A step-down transformer has a turns ratio of 1:10 and its primary is connected across the terminals of a standard 120 V wall socket. A 330 ohm resistor is connected across the secondary of this transformer. What power P is dissipated in the resistor?

The secondary voltage is 120/10.

Power= secondaryvoltage^2/R

thanks, Bob!

To find the power dissipated in the resistor, we can use the formula:

P = (V^2) / R

Where:
P is the power dissipated in watts
V is the voltage across the resistor in volts
R is the resistance of the resistor in ohms

In this case, we have a step-down transformer with a turns ratio of 1:10. This means that the voltage across the secondary is 1/10th of the primary voltage.

Given that the primary voltage is 120 volts, the secondary voltage will be:

Secondary voltage = Primary voltage / Turns ratio
= 120 V / 10
= 12 V

Now, we need to determine the voltage across the resistor. The voltage across the resistor will be equal to the secondary voltage, which is 12 volts.
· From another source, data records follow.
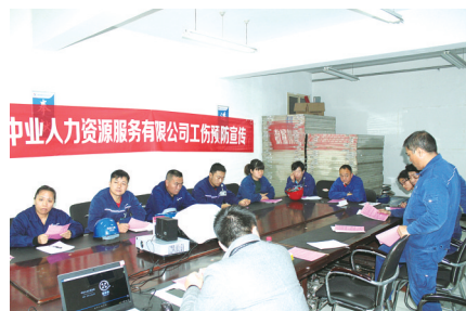
该公司开展工伤预防宣传

去年11月8日，人力资源和社会保障部等部门联合发布《关于推进新时代人力资源服务业高质量发展的意见》，其中提出：人力资源服务业是为经济社会发展提供人力资源流动配置服务的现代服务业重要门类，对促进社会化就业、更好发挥我国人力资源优势、服务经济社会发展具有重要意义。
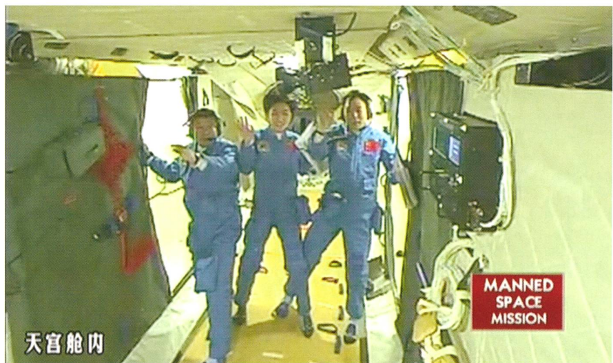
Abbildung 5: Am 18. Juni 2012 betraten die drei chinesischen Taikonauten (darunter eine Frau in Bildmitte) zum ersten Mal die kleine Raumstation Tiangong 1 – ein wichtiger Meilenstein für das bemannte chinesische Weltraumprogramm.

Welche wissenschaftlichen Erkenntnisse die Chinesen sich nun von der bemannten Raumfahrt versprechen, bleibt einstweilen ihr Geheimnis, zumal sie trotz ihrer schnellen Fortschritte noch Jahrzehnte brauchen dürften, um das Niveau der USA und anderer Nationen zu erreichen. Neben der rund 400 Tonnen schweren ISS würde selbst die ausgebaute chinesische Raumstation geradezu winzig wirken. Die politischen Vorteile des bemannten Raumfahrtprogramms lie-
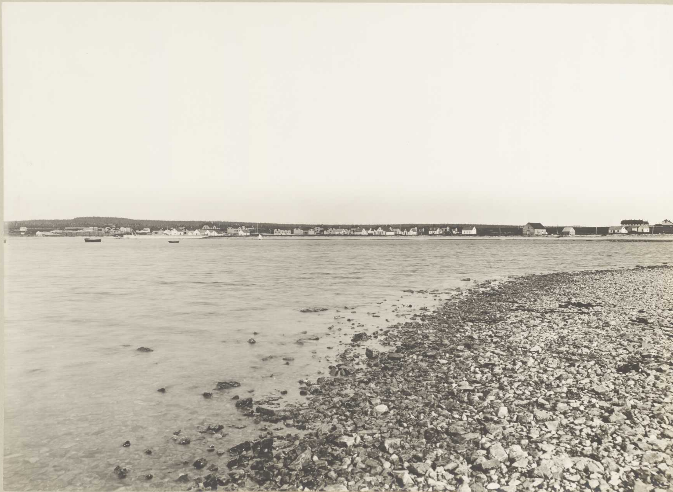
VUE G 1 e DE LA BAIE SAINTE-CLAIRE (Anticosti)
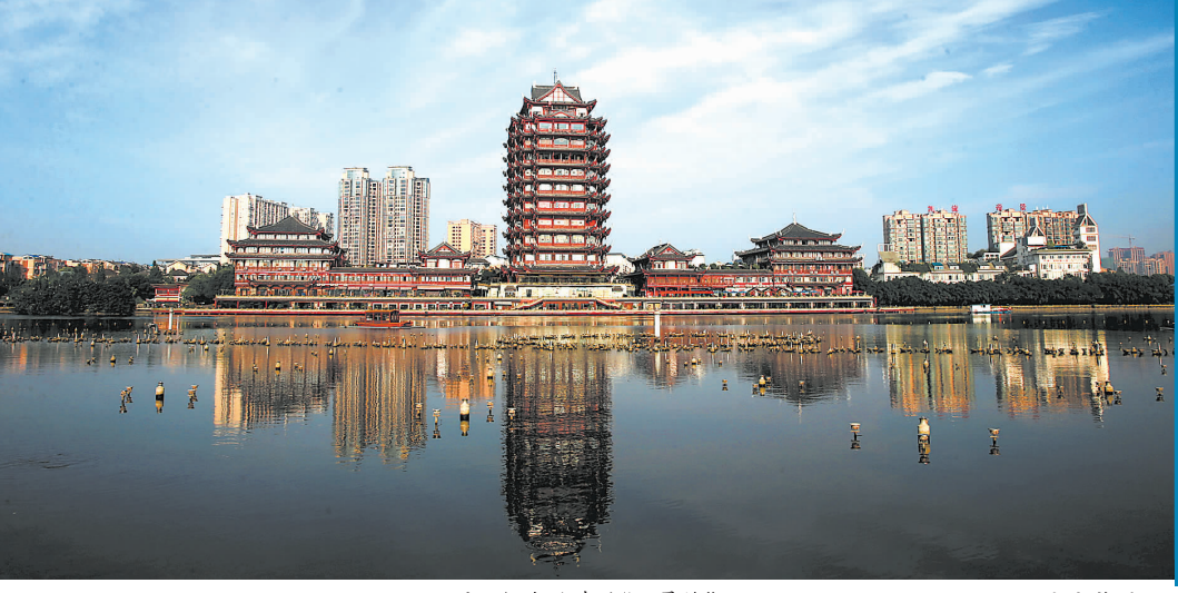
眉山标志性建筑“远景楼”

眉山,对苏东坡而言,是人生的始发站,是品学与性情的养成地;而苏东坡之于眉山,绝不仅仅是那散文诗词、书法名著,也不仅仅在于“三苏祠”等苏迹。“孕奇蓄秀当此地,郁然千载诗书城”,南宋诗人陆游一语中的,把苏东坡带给眉山的历史文化自信表露无遗。

Next, we can substitute the values into the power formula:

P = (V^2) / R
= (12^2) / 330
= 144 / 330
≈ 0.4364 watts

Therefore, the power dissipated in the resistor is approximately 0.4364 watts.
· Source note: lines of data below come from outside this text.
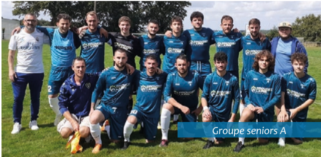
Groupe seniors A

Côté compétition , l'équipe seniors A a gagné le 1 er match de Coupe de France le 25 août dernier contre Sympho Treillères.
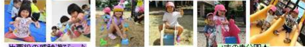
片栗粉の感触遊び~♪
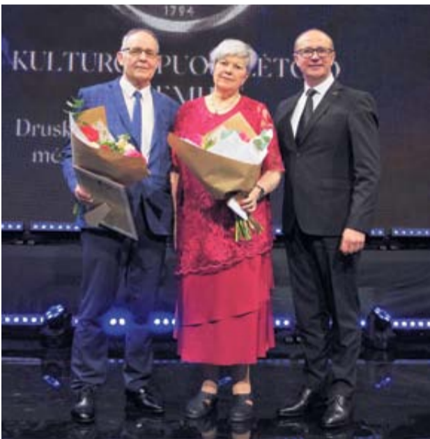
Kultūros puoselėtojo premija Druskininkų poezijos ir kitų menų mėgėjų asociacija „Branduma“
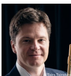
K-H. シュッツ フルート

To calculate the power dissipated in the resistor, we need to use the formula: Power (P) = (Voltage)^2 / Resistance.

Step 1: Calculate the voltage on the secondary side of the transformer.
Since the turns ratio is given as 1:10 and the primary voltage is 120 V, the secondary voltage can be calculated as follows:
Secondary voltage = (Turns ratio) x (Primary voltage)
Secondary voltage = 10 x 120 V
Secondary voltage = 1200 V

Step 2: Substitute the obtained voltage and the resistance value into the power formula.
Power (P) = (Voltage)^2 / Resistance
Power (P) = (1200 V)^2 / 330 Ω
Power (P) = 1440000 V^2 / 330 Ω
Power (P) ≈ 4363.636 W

Therefore, approximately 4363.636 watts (W) of power is dissipated in the resistor.